Brief: An exact copy of the data below is needed; please leave out any pictures.

Supplied material:
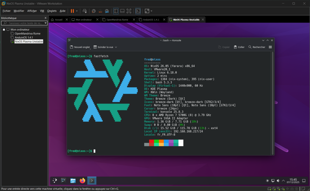 Et pour finir, l’indispensable fastfetch qui prouve bien que la machine virtuelle est en préversion 26.05.
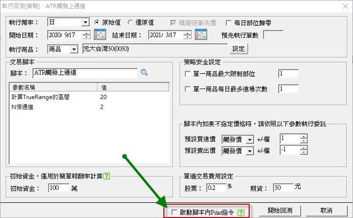 A:謝謝您的回饋,建議您可以使用 Print 語法,撰寫在回測腳本中,回測時記得勾選「啟動腳本內Print指令」例如以下範例語法,這樣回測時就能產生這些數值檔案,方便您檢視數值,以上說明,謝謝。
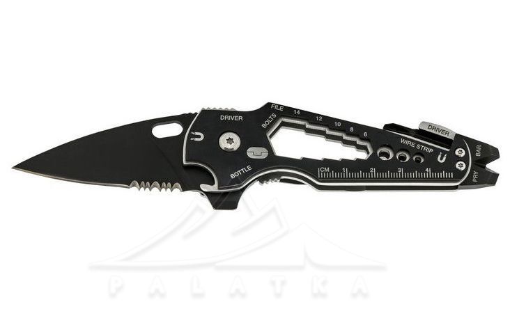 - Серед інших функцій: відкривачка, гайкові (шестигранні) ключі, зачищувачі дротів (3 розміри), пласкі викрутки (3 розміри), лінійка (см та дюйми), магнітний тримач для біт (1 хрестоподібна біта в комплекті), монтувалка, напилок.
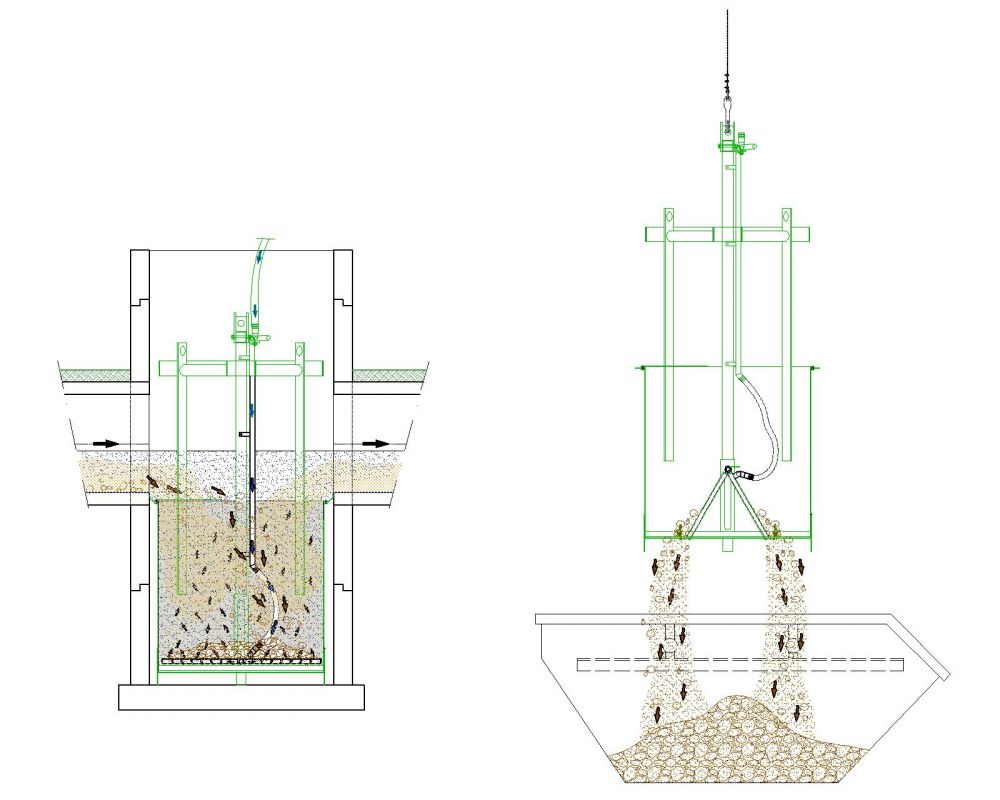 Zum Entleeren wird der Geschiebesammeleinsatz, nach Abkopplung der Druckluftleitung mittels Kranösen, komplett aus dem Geröllfangschacht herausgehoben. Das Geschiebe bleibt vollständig im Sammeleinsatz.

Result of this exercise:
 Et pour finir, l’indispensable fastfetch qui prouve bien que la machine virtuelle est en préversion 26.05.
 A:謝謝您的回饋,建議您可以使用 Print 語法,撰寫在回測腳本中,回測時記得勾選「啟動腳本內Print指令」例如以下範例語法,這樣回測時就能產生這些數值檔案,方便您檢視數值,以上說明,謝謝。
 - Серед інших функцій: відкривачка, гайкові (шестигранні) ключі, зачищувачі дротів (3 розміри), пласкі викрутки (3 розміри), лінійка (см та дюйми), магнітний тримач для біт (1 хрестоподібна біта в комплекті), монтувалка, напилок.
 Zum Entleeren wird der Geschiebesammeleinsatz, nach Abkopplung der Druckluftleitung mittels Kranösen, komplett aus dem Geröllfangschacht herausgehoben. Das Geschiebe bleibt vollständig im Sammeleinsatz.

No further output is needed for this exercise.